Spinner dolphins are found in tropical and temperate waters throughout the world. There are four subspecies of spinner dolphins. They are well known for their acrobatic ability – they jump out of the water and spin in the air before they land.1 They are about seven feet long and weigh 170 pounds. When they jump out of the water, they can reach heights up to 10 feet!2
The color of these dolphins varies depending on the species and where they live, but individuals can be identified by their dorsal fins. Each one is unique, which allows scientists to identify individuals and study them when they see them.1
These dolphins feed on fish, shrimp, and squid. Normally, the prey they go after lives in depths down to 1,000 feet. However, these animals often migrate up toward the surface when night falls. That’s when spinner dolphins will hunt them and eat.1
Although for the most part, there isn’t enough data for spinner dolphins to be given a status designation by the IUCN, that doesn’t mean they haven’t faced threats to their population numbers.

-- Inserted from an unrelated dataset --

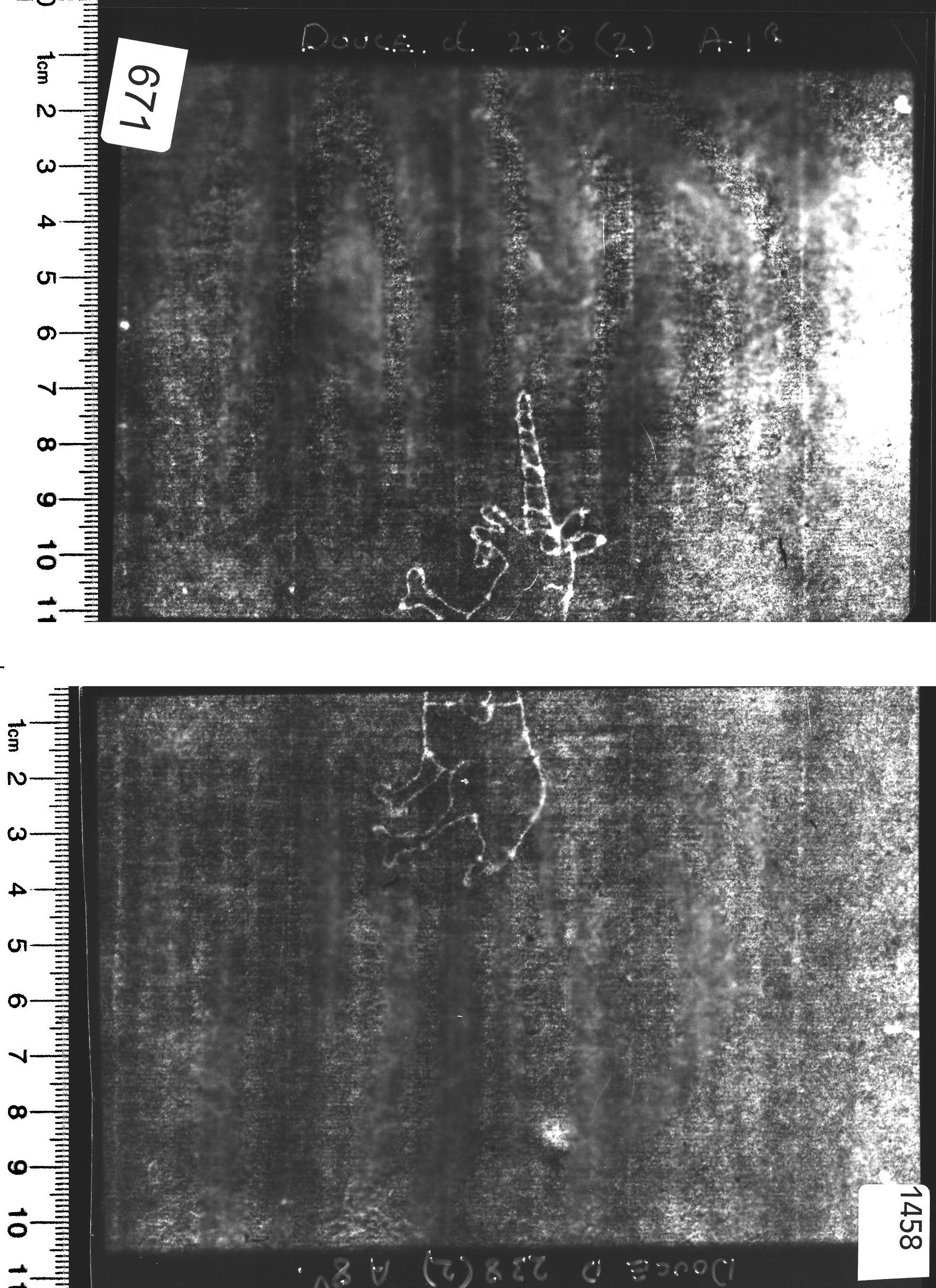 | Reference number: 671 Watermark description: unicorn, vertical, single line band, heart, to left Bernstein description: fabulous creature - unicorn - detached - entire figure - vertical - single line band - heart - to left Mainclass IPH: F Maingroup description: unicorn Position: right Identical watermarks: Reproduction: beta-radiograph Depository: Bodleian Library, Oxford, Great Britain | ![]() ![]() |

Currently, Eastern Tropical Pacific spinner dolphins are considered vulnerable due to being caught as bycatch by the tuna fishing industry.3
The tuna industry has caused damage to spinner dolphins and other dolphin species in the 80s. Yellowfin tuna often swim with dolphins, and so as fishermen tried to catch the tuna, the dolphins would get caught up in the equipment, too. This is why there are now laws to protect dolphins and ensure safe fishing practices to catch tuna.2
Spinner dolphins have protection in many regions where they’re found and there are conservation efforts to help them.2 They face risks from other things, too, such as debris in the ocean that can injure them or cause them to drown, or humans getting too close to them and interfering with their routines. Because they have predictable behavior, humans who want a close look at them will know where to find them – and often they get too close to the point of disrupting them. This can change their behavior, put the dolphins at risk, and put the humans near them at risk, too.1
Our wildlife faces many challenges in their environment. Learning about the amazing species we have in the world and what they face is the first step to helping them. We can make the world a better place for wildlife when we spread the word about them.